Computer programs were notably absent from this list. The Copyright Act of 1980 defined a computer program as "a set of statements or instructions to be used directly or indirectly in a computer in order to bring about a certain result." (5). However, the Act limited the scope of protection as follows:


"In no case does copyright protection for an original work of authorship extend to any idea, procedure, process, system, method of operation, concept, principle, or discovery, regardless of the form in which it is described, explained, illustrated, or embodied in such work." (6)


This provision helps point out the difference between copyright protection and patent protection. Copyrights cannot protect ideas -- they can only protect specific expressions of those ideas. Most software programs enjoy copyright protection. However, the owner of a computer program cannot obtain copyright protection for an algorithm (i.e., the method used by the software to accomplish its task). He can only protect the physical embodiment of the program. Anyone else can write a different program using the same algorithm with impunity. (NOTE: This is not to say that another author can translate the original work into a new language or that he can develop another program that looks and acts exactly like the original.) The new author can create another program so long as the original owner cannot show substantial similarity between the protectable expression in both works.


Copyright protection derives from publication or use and not from registration.
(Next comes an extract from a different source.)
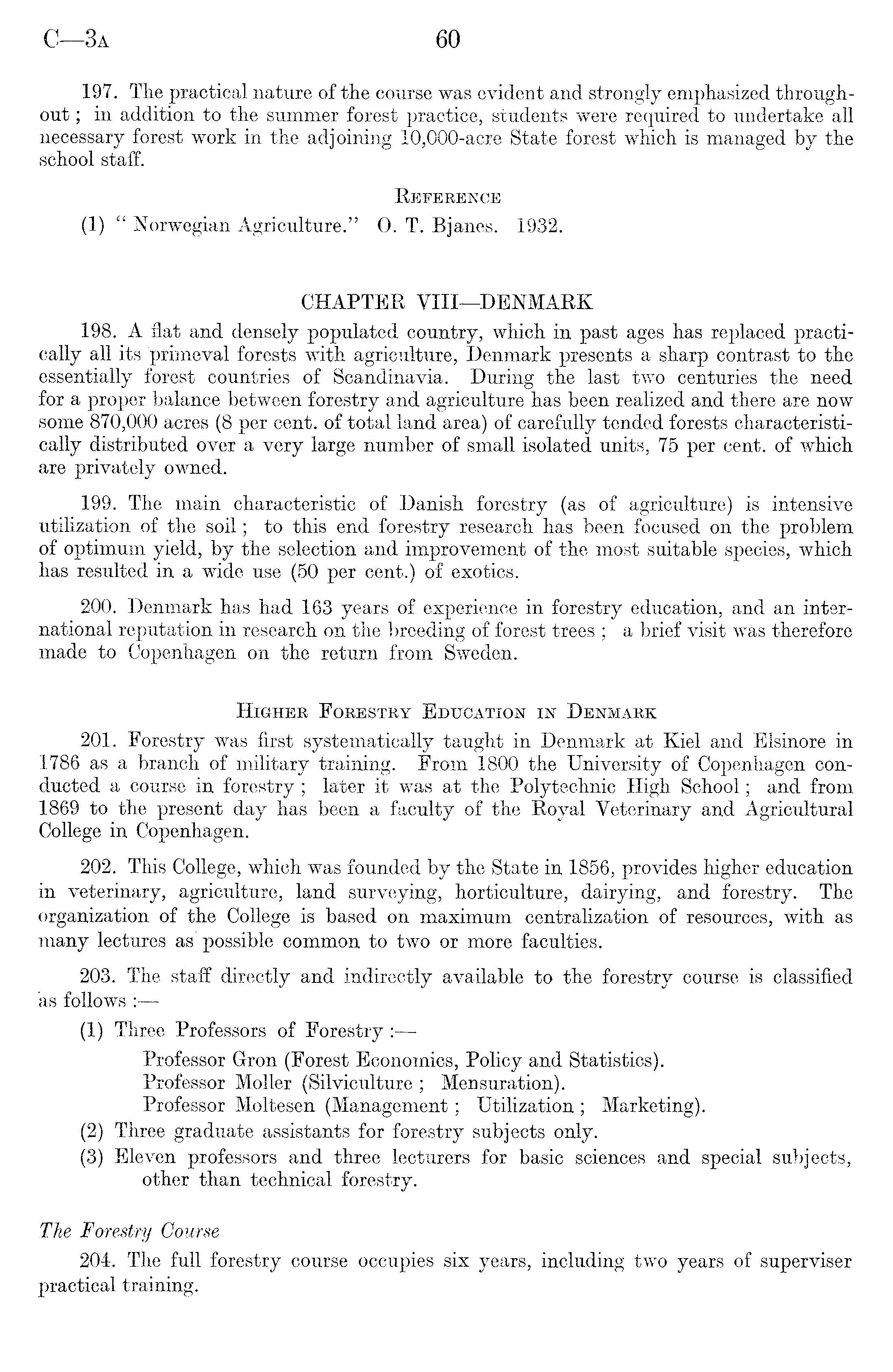 197. The practical nature of the course was evident and strongly emphasized throughout ; in addition to the summer forest practice, students were required to undertake all necessary forest work in the adjoining 10,000-acre State forest which is managed by the school staff. Reference (1) " Norwegian Agriculture." 0. T. Bjanes. 1932. CHAPTER VIII—DENMARK 198. A flat and densely populated country, which in past ages has replaced practically all its primeval forests with agriculture, Denmark presents a sharp contrast to the essentially forest countries of Scandinavia. During the last two centuries the need for a proper balance between forestry and agriculture has been realized and there are now some 870,000 acres (8 per cent, of total land area) of carefully tended forests characteristically distributed over a very large number of small isolated units, 75 per cent, of which are privately owned. 199. The main characteristic of Danish forestry (as of agriculture) is intensive utilization of the soil; to this end forestry research has been focused on the problem of optimum yield, by the selection and improvement of the most suitable species, which has resulted in a wide use (50 per cent.) of exotics. 200. Denmark has had 163 years of experience in forestry education, and an international reputation in research on the breeding of forest trees ; a brief visit was therefore made to Copenhagen on the return from Sweden. Higher Forestry Education in Denmark 201. Forestry was first systematically taught in Denmark at Kiel and Elsinore in 1786 as a branch of military training. From 1800 the University of Copenhagen conducted a course in forestry ; later it was at the Polytechnic High School; and from 1869 to the present day has been a faculty of the Royal Veterinary and Agricultural College in Copenhagen. 202. This College, which was founded by the State in 1856, provides higher education in veterinary, agriculture, land surveying, horticulture, dairying, and forestry. The organization of the College is based on maximum centralization of resources, with as many lectures as possible common to two or more faculties. 203. The staff directly and indirectly available to the forestry course is classified as follows : (1) Three Professors of Forestry:— Professor Gron (Forest Economics, Policy and Statistics). Professor Moller (Silviculture ; Mensuration). Professor Moltesen (Management; Utilization ; Marketing). (2) Three graduate assistants for forestry subjects only. (3) Eleven professors and three lecturers for basic sciences and special subjects, other than technical forestry. The Forestry Course 204. The full forestry course occupies six years, including two years of superviser practical training.

Today, the mere publication of a work (or creation of that work for the purpose of distribution) accrues copyright protection for the author. Use of the © symbol is no longer required, and the author need not assert copyright reservation in the body of the work. Such protection is assumed. However, the © notice serves as a deterrent to would-be infringers and helps to establish willful infringement, possibly leading to increased damages awarded to a copyright holder. Nonetheless, in the event of infringement, copyright registration with the U.S. Patent and Trademark Office must be secured prior to the commencement of litigation. The author may apply for such registration within three years after the date of infringement. Copyrights last for the life of the author plus 50 years, or for 150 years if the author is a corporation.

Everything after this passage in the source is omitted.